The car crashed into a store. COURTESY
A teacher was killed and 14 schoolchildren were injured after a car hit a crowd on a busy street in the German capital, Berlin. The group was on a school trip to Berlin from the state of Hesse. A second teacher was seriously hurt.
Police say the driver, a 29-year-old man, was arrested at the scene. Berlin Interior Affairs Minister Iris Spranger said evidence suggested the driver was a "mentally ill person running amok".
The incident occurred shortly before 10:30 (08:30 GMT) in the heart of western Berlin, on one of its busiest shopping streets. The woman who died has been identified as a schoolteacher who was on a trip with a class of teenagers from the central state of Hesse. Berlin police say she died on the spot.

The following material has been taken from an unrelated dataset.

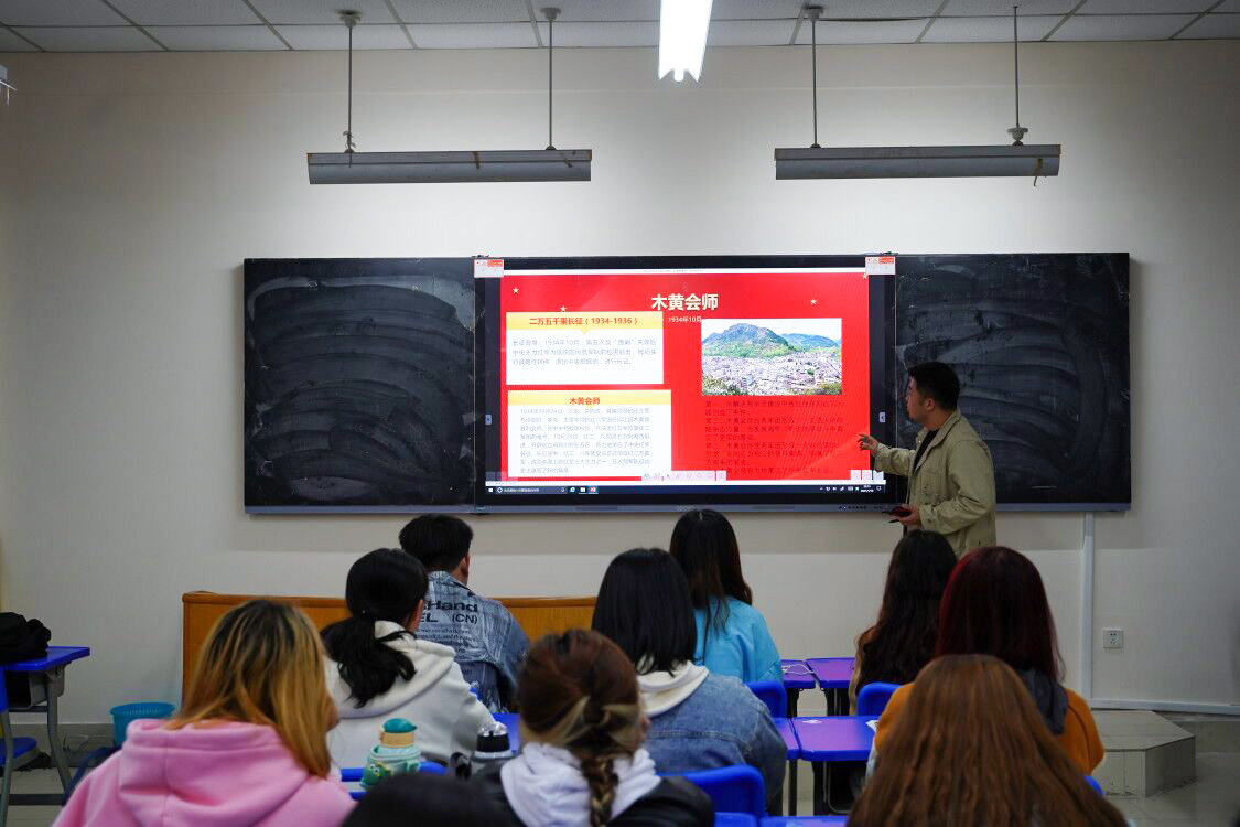 富笛珂向同学们介绍民族英雄杜德林为抗战做出的伟大贡献。宋雨讲述沂蒙人民为中华民族的独立和人民解放所立下的不朽功勋,使同学们在历史缩影中加深对中国共产党百年征程的认识。刘杨涵玉以血与火交织的历史为切入点,激励同学们克难奋进,自强不息。王小琳介绍中共青岛党史纪念馆。她提到,中共青岛党史纪念馆是青岛早期党组织传播马列主义、撒播革命火种、领导工人运动的重要阵地。

"There are seriously injured people among the more than a dozen injured," police spokesperson Thilo Cablitz said. Bad Arolsen Mayor Marko Lambion said a bus was on its way to pick up the children from Berlin. "We're doing everything we can to bring them home," he said at the press conference.

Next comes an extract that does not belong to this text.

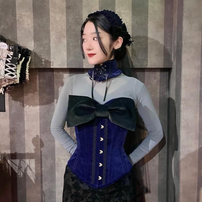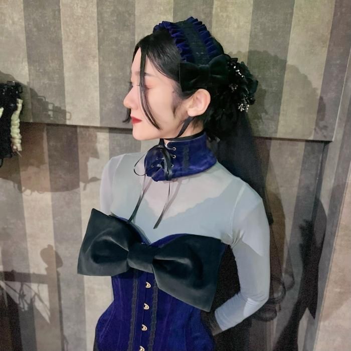 【受注生産:2月末まで】別珍リボンネックコルセット(ネイビー)

The driver has dual German and Armenian citizenship and lives in Berlin. Earlier reports that he had left a note in his car were denied by officials.
Witnesses described seeing a silver Renault Clio veering into a crowd of people on the pavement near Berlin's busy Kurfürstendamm shopping avenue, before driving back on to the road and crashing into a shop window.
A witness who would only be named as F Kacan said the driver had abandoned the car and had taken off running but "we were able to stop him", AFP news agency reports.
The actor John Barrowman tweeted that he had been nearby when the incident took place and in a video posted from the scene said the car had repeatedly mounted the footpath before crashing into the storefront.
Barrowman told the BBC the car had careened through tables of people sitting outside having breakfast, before smashing into the storefront. "It was just horrific", he said. "I saw somebody being resuscitated, I saw somebody being literally thrown onto a stretcher and put into an ambulance."
Some 130 emergency workers went to the scene and a body lay in the middle of the road, covered in blankets. It happened opposite Breitscheidplatz, where 12 people were killed in a terrorist attack in 2016 when a truck was deliberately driven into a crowd of people at a Christmas market.
Berlin Mayor Franziska Giffey said it was too early to know if the area had been chosen deliberately, but she said: "It's a situation where you think, for God's sake, not again!"
After the Christmas market attack in 2016, the militant group Islamic State (IS) said it was behind the killings which had been carried out by an unsuccessful asylum seeker. He was later shot dead by police in Italy.